Robyn Bergeron is a mom from Flagstaff, Arizona with a background in market research. She uses Fedora to meet her day-to-day computing needs and uses it in her marketing work for the Fedora Project - which includes giving conference presentations. Learn how she does it in this chat!
I currently live in Flagstaff, Arizona; I spent most of my life in Phoenix, which is about 2 hours south of where I am, and about 5000 feet lower. People always wonder why I'm shovelling snow in the winter when I live in Arizona - very few realize that we also have a great high country environment, replete with pine trees and a ski resort :)
I usually refer to it as "domestic household engineer" or "domestic goddess" - in other words, a homemaker. I've been in this role for about 7 years; before that, I had lives as a market research analyst, a business analyst doing strategic marketing, and I am also a recovering sysadmin.
rbergeron - not very exciting :)
A long time ago, back when it first started; I didn't become actively involved until I discovered the marketing group a little more than a year ago on the join.fedoraproject.org page, joined the mailing list, and was delighted to discover that there were outlets for all the knowledge I had built over the years - the writing, the sysadmin-type stuff, and of course, marketing and strategy.
Fedora actually meets a lot of needs in my household. My significant other uses it for his day job as a development platform; my daughter, who is eight, loves to use GIMP to make pictures, Cheese to take endless webcam photos, and Firefox to do some of her website-based homework; my son, who is six, also loves the online games, but is especially in love with the SuperTux game, which is reminiscent of a certain game with two Italian plumbers whom we all know and love. :)

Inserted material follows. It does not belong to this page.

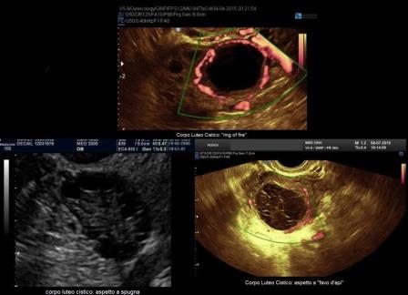 - cisti luteiniche: la diagnosi differenziale si basa sulla storia clinica della paziente con endometriosi (dismenorrea, infertilità) e sui differenti aspetti ecografici delle cisti luteiniche caratterizzate da una ricca vascolarizzazione di parete ("ring of fire") e da un contenuto endocistico "a spugna" o "a favo d'api" che si modifica nel giro di alcuni giorni.
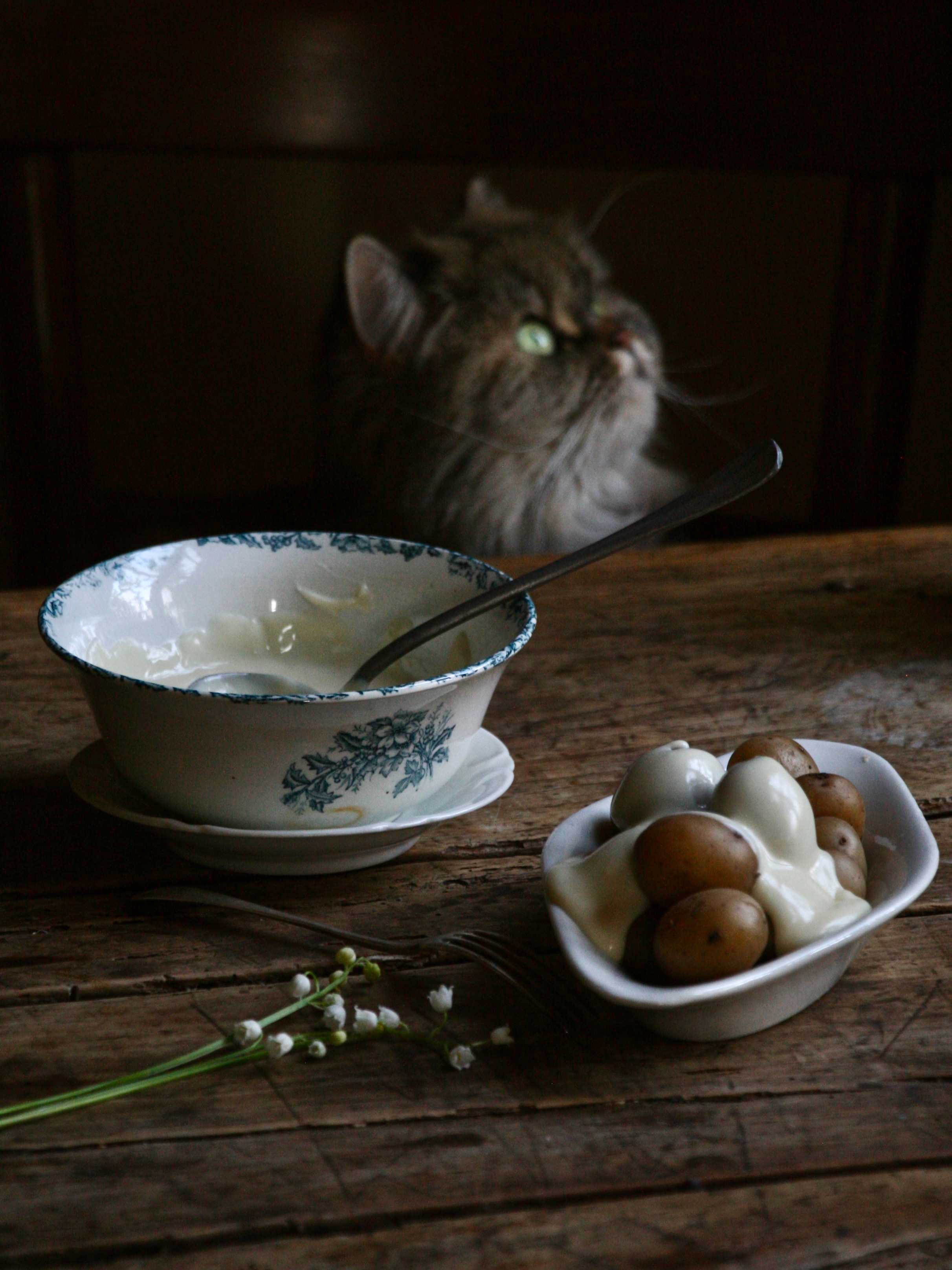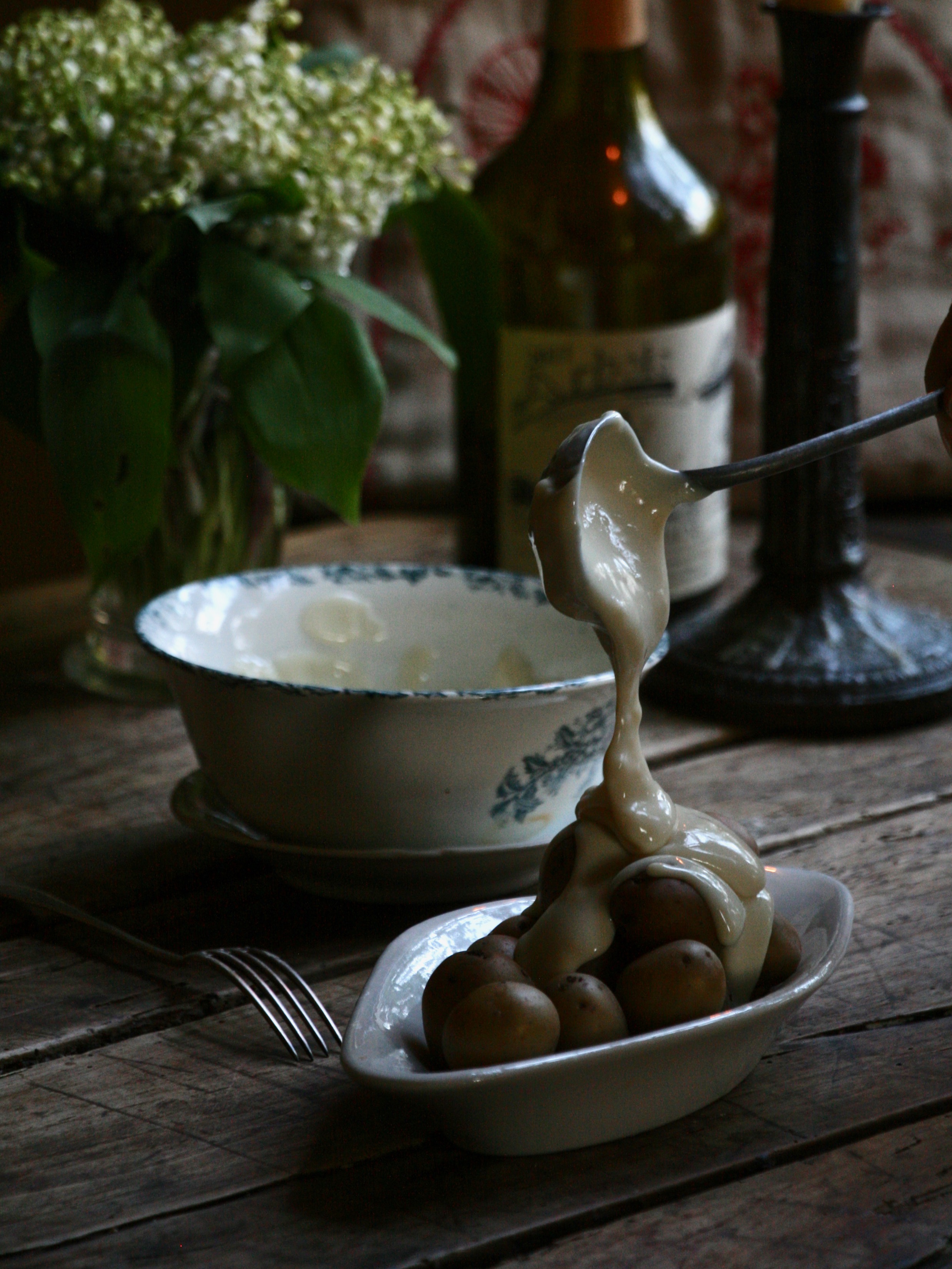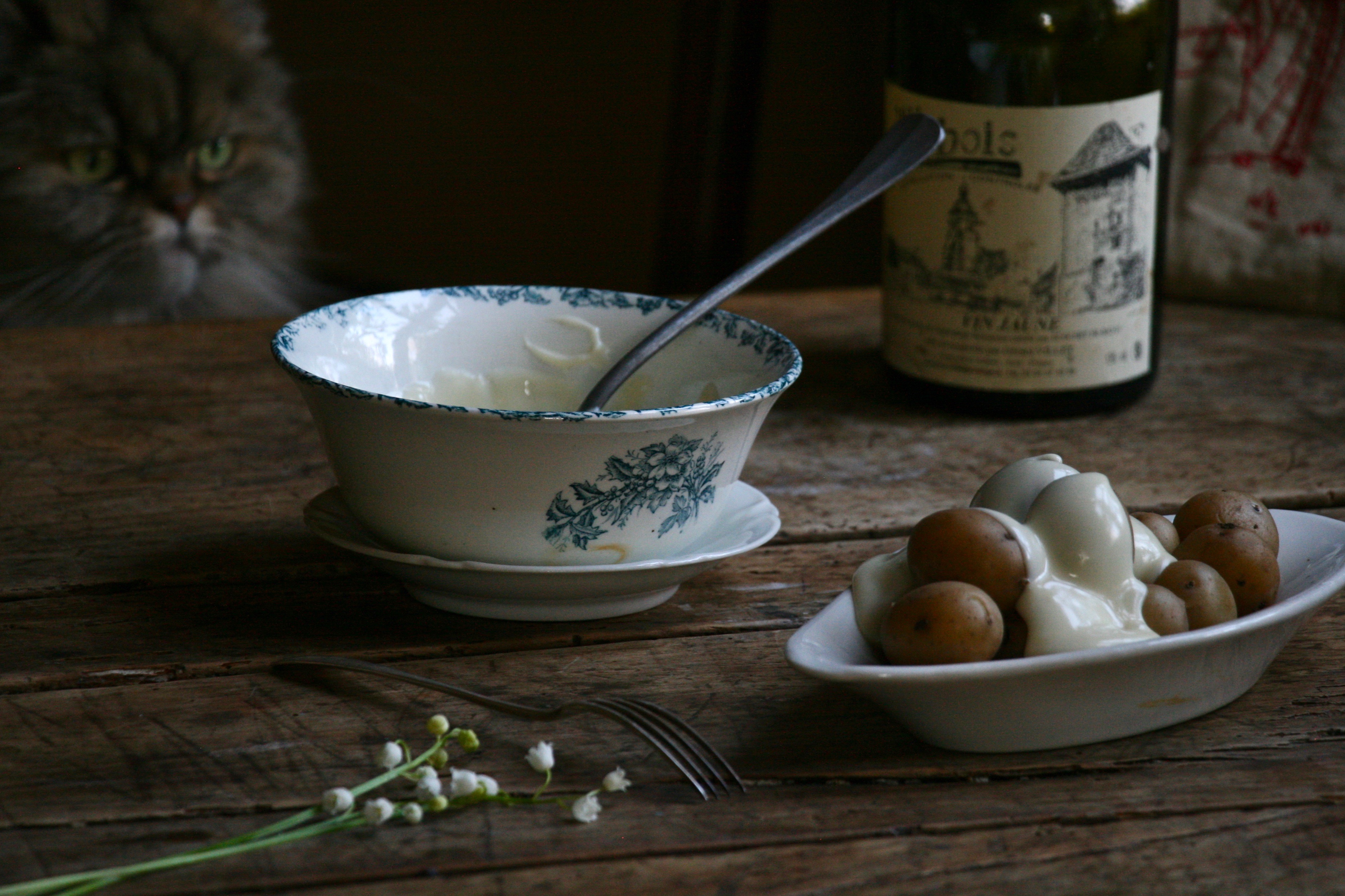 I like to crush my potatoes so to get the maximum concoillotte per potato, but you may as well cut them or eat them whole. As to wine, this is sturdy lands, an aged chardonnay will do well, or Vin Jaune. Also enjoy it a lot and I even heard that cancoillote is very very very healthy, so it’s really self care on every level, don’t you think?

For me, Fedora meets a lot of my day-to-day needs; I use Firefox to check my web-based email, the notepad to make endless task lists, empathy and pidgin to keep in touch with people through video and instant messaging. For some of the work I do in Fedora Marketing, I have everything I need - irssi for chatting online in IRC, Firefox for keeping up with the wiki work that needs to happen for every release, and I make good use of Open Office for making presentations for conferences.
I mostly use OpenOffice Impress - it does everything I need it to do. I occasionally use Inkscape for making diagrams to pull in, particularly if I plan on reusing just the diagram for non-presentation purposes - I'm a big fan of having to do things once, and the compatibility to be able to pull those diagrams into OO for a presentation is definitely a win for me.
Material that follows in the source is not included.